Hypothermia is one of the serious health problems that can be caused by exposure during cold weather.  If a person’s body temperature drops below 95 degrees, immediately seek medical attention.

In mild cases the symptoms include:

    Uncontrollable shivering
    Pale and cold skin

Other more serious signs include:

    Confusion or sleepiness
    Slurred speech
    Shallow breathing
    Weak pulse
    Stiffness in the arms or legs
    Or, poor control over body movements

In the case of serious symptoms, contact the victim’s doctor or call 911.

In either case, until help arrives or a doctor sees the person, move the person to a warm room, warm the body with dry layers of blankets or clothing, and give warm beverages.

Frostbite refers to actual freezing and subsequent destruction of body tissue which is likely to occur any time skin temperature gets much below 32F.  The areas most likely to freeze are toes, fingers, ears, cheeks and the tip of the nose.

Individual at risk for frostbite include those with impaired circulation, the elderly, the very young and anyone who remains outside for prolonged periods.  The danger increases if the individual becomes wet.

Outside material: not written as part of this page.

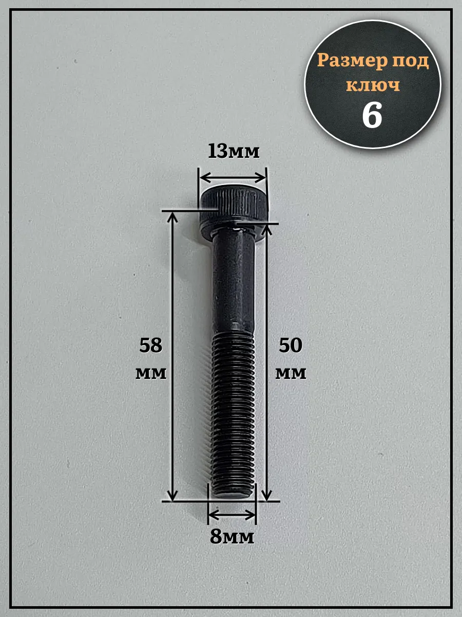 Винт мелкая резьба чёрный к.п.12.9 8х50х1 DIN912, 10 шт.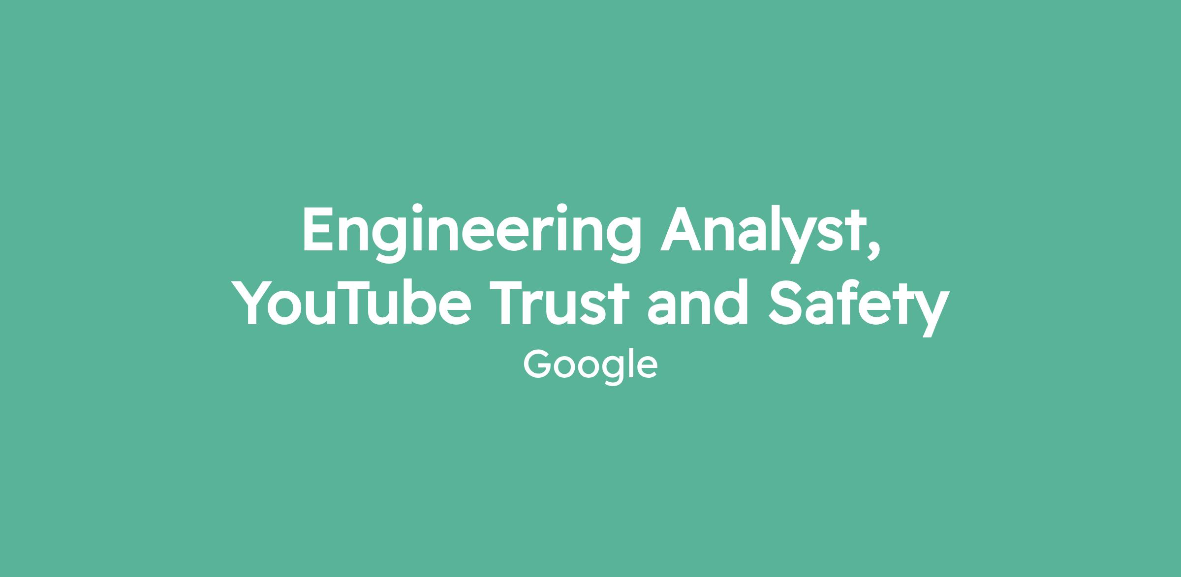 As an Engineering Analyst, you are passionate about technologies and have experience with analyzing data and scaled systems of review. You will grow in a fast, dynamic, demanding environment where no two days are ever the same. You will be a key contributor, independent, critical thinker with sound metrics judgment who has a passion for solving technological challenges and setting scalable standards.At YouTube, we believe that everyone deserves to have a voice, and that the world is a better place when we share, and build community through our stories. We work together to give everyone the power to share their story, explore what they love, and connect with one another in the process. Working at the intersection of cutting-edge technology and boundless creativity, we move at the speed of culture with a shared goal to show people the world. We explore new ideas, solve real problems, and have fun — and we do it all together.

Symptoms of frostbite include:

    Gradual numbness;
    Hardness and paleness of the affected area during exposure,
    Pain and tingling or burning in affected area following warming; and
    Possible change of skin color to purple


Follow these tips to weather the winter in a healthy way:

    Cover your head.  You lose as much as 50 percent of your body heat through your head.
    Wear several layers of lightweight, loose fitting clothing.  The air between the layers acts as insulation to keep you warmer.
    Cover your mouth with a scarf to protect lungs from direct, extremely cold air.  Cover your ears and lower part of your face as well.
    Wear mittens rather than fingered gloves.  The close contact of fingers helps to keep your hands warm.
    Wear warm leg coverings and heavy socks or two pairs of lightweight socks.

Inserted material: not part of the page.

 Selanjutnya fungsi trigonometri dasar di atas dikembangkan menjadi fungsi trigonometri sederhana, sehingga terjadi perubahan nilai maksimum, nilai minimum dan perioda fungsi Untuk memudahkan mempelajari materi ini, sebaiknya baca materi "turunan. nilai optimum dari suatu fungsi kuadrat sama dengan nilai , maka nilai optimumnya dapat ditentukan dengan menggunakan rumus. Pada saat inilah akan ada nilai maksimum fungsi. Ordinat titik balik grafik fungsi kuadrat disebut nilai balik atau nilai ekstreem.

    Wear waterproof boots or sturdy shoes to keep your feet warm and dry.

Keeping Your Pet Safe During Cold Weather

Prince George's County
Department of the Environment/301-883-5952


Mark E. Brady, PGFD Chief Spokesperson, 240-508-7930
mebrady@co.pg.md.us     @PGFDPIO

Can’t stand being outside in the cold temperatures?  Imagine how your pet feels.  When frigid air hits, the Prince George’s County Animal Management Division reminds pet owners that if it’s too cold for you to be outside, it’s too cold for your pets and advises owners to keep their animals indoors and to closely monitor their exposure to winter elements.  But if your pet must stay outdoors, County law requires you to provide the following protection:

·         A dog house of appropriate size that is dry, draft free and elevated off the ground.
·         A wind flap attached to the doghouse to keep cold air out and warm air in.
·         Non-absorbent bedding like straw or wood shavings to help keep the dog warm.
·         Fresh drinking water; routinely check your pet’s drinking water to make sure it is not frozen and use a secured container to prevent tipping.
Other cold weather safety tips pet owners should consider include:
  • Keep kittens and puppies under six months, and small or short-haired dogs inside.
  • Consider indoor house training for puppies as they do not handle cold temperatures like their mature counterparts.
  • Consider dressing your pet in specially made coats or sweaters; some pet owners also use booties or other shoe like foot protection.
  • Increase your pets protein to help keep the pets fur healthy.
  • Don’t let your dog off its leash in the snow or ice; they can easily become lost and snow and ice can be dangerous when they are running loose. 
  • Make sure your pet always wears ID tags and is properly licensed and microchipped.
  • Wipe or dry your pet’s feet, legs and stomach when they come in out of the sleet, snow or ice.
  • Never leave your pet in a closed car in the winter. Cold temperatures can quickly create a freezer-like environment in a car putting your pet at risk of hypothermia and frostbite. 
  • Make sure your companion animal has a warm place to sleep with a blanket or pillow, away from drafts.
  • Check your car. Outdoor and feral cats seek shelter from the cold under car hoods, in wheel wells and underneath cars. Knock on the hood and honk the horn to remove any cats nestled in these areas.